I don’t mean to sound harsh toward your brother but he needs a wake up call. There are plenty of autistic people who have anger issues, but often it is linked with processing disorders. Your brother’s problem goes beyond that. He is downright mean and hateful for no reason. That’s not a trait of autism. That’s a sign of something else.

My mom has heard Calvin threaten to physically hurt me, but I don't think she takes it very seriously. Calvin hasn't been physically aggressive since he was much younger. My mom says Calvin finds abuse against women detestable so she doubts he would actually do anything. My dad is pretty passive and does/thinks what he wants to. I wouldn't really expect him to do anything if he did know. They both have a habit of being too easy on him (in my opinion).

I have tried to talk to my mom (talking to my dad is pointless - he doesn't take criticism from his own kids well) about these things, but she is largely leaving it up to my dad and what he decides to do -_- But I will continue to try to persuade her. I plan to show her this thread later.

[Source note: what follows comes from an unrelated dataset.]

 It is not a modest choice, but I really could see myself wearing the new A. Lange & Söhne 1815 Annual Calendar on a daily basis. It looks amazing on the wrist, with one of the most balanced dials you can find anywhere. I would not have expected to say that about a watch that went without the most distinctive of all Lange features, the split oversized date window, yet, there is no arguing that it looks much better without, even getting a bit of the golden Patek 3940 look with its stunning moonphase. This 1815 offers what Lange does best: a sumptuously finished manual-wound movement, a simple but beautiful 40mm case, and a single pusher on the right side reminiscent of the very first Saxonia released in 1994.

I will try to look at what therapy is available to Calvin and do what I can to encourage my parents to get him to go.

I will try to use what leverage I have (leaving my brother on his own after my parents are gone) to try to get my parents to get Calvin the helps he needs (getting him out on his own, more responsibility, therapy, whatever else). I just don't know how well it will work: Even though Joe and Amy aren't talking to Calvin now, they both have kind hearts and I think they would cave, to some extent, if he was in need. Our sister, though she doesn't live close, would probably do what she could too. But you do have a good point, I will try to use this reality to influence my parents to get Calvin help.

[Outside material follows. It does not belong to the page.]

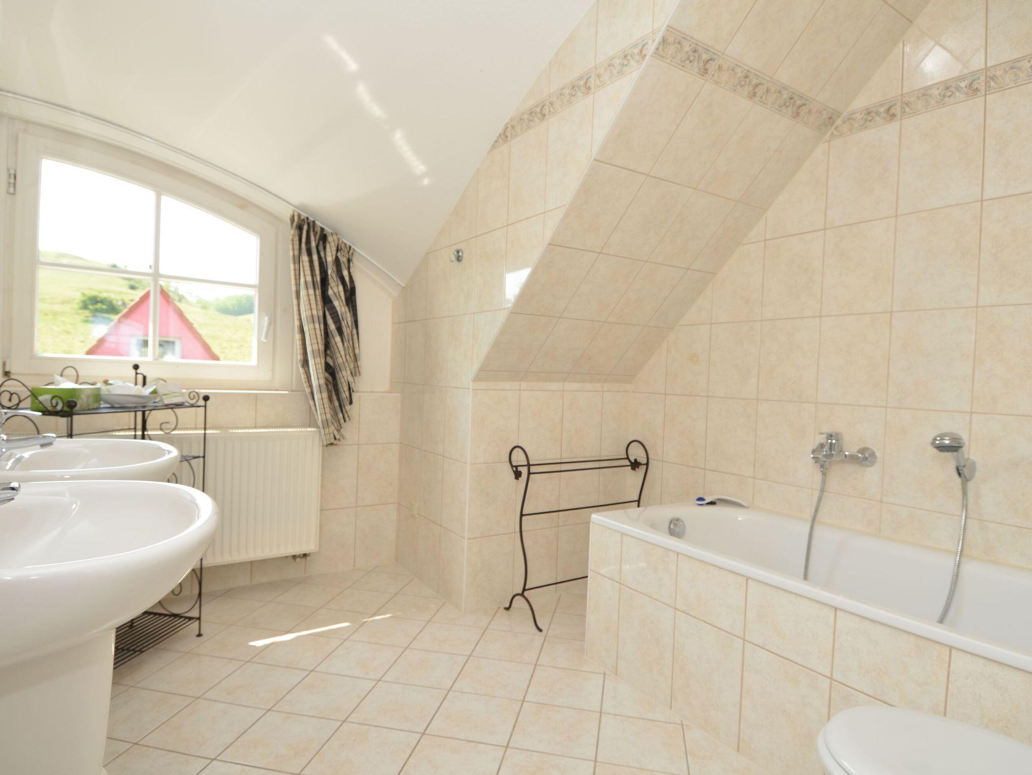 Im Obergeschoss der Wohnung findet man ein zweites Bad mit Badewanne und zwei Waschbecken, ein Schlafzimmer mit einem Doppelbett und Ankleidezimmer sowie zwei weitere Schlafzimmer mit je einem Doppelbett (1,80 x 2,00 m bzw. 1,60 x 2,00 m). Von zweien der Schlafzimmer genießt man ebenfalls den Blick zum Boddengewässer.

Thanks for the support and advice WittyAspie - it means a lot to be taken seriously and be validated in how I feel =)
 
I sounds like the overall situation is just too stacked against you. Maybe if all the family was on same sheet of music the group could try an intervention and steer him to professional help. I suggest getting out of there post haste and don't meet up with him alone in future. Be polite but firm you will not allow abusive behavior to continue. If he wants his sister he must be polite/civil. He really needed a firm hand and guidance long before now. He may not be salvageble. Its up to him.
 
I sounds like the overall situation is just too stacked against you. Maybe if all the family was on same sheet of music the group could try an intervention and steer him to professional help. I suggest getting out of there post haste and don't meet up with him alone in future. Be polite but firm you will not allow abusive behavior to continue. If he wants his sister he must be polite/civil. He really needed a firm hand and guidance long before now. He may not be salvageble. Its up to him.

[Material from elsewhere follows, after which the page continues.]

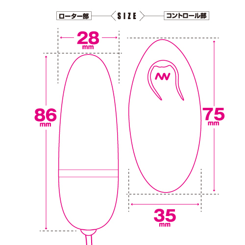 サイズ/仕様:パッケージ:16.5×9.0×5.0cm 本体:ローター8.6×2.8cm・コントローラー全長7.5cm 重量:182g 電池:本体(単四電池×1本使用)、コントローラー(単四電池×1本使用)

Thanks for your input Tom, I really appreciate it! I may try to see if I can get my whole family on the same page with this issue. I think it's kind of split between my parents and me and my siblings. I didn't want to take such drastic measures but I agree, maybe this will teach him to be civil with me and others. Thankfully it seems that I'm making some progress on the job front so I may not be stuck here as long as I feared. As much as I hate it, I think you're right that I will have to take firm measures with him once I am able to leave. I agree that he did need a firm hand long ago, but I'm trying to have empathy for my parents so I don't get angry or bitter. Thanks again Tom - have a good weekend! =)
 
I agree that he did need a firm hand long ago,...
Standard parenting tactics aren't always effective when certain co-morbid conditions are present, I'm sorry to say. (Your parents may not have been entirely at fault.)

My AJ did not grasp the concept of causation at all. That meant that he could not connect his various punishments to the inappropriate behavior that we expected him to change. If we didn't want him to do something that he wanted to do, all we could do was physically insert ourselves between him and his objective. (It was exhausting.)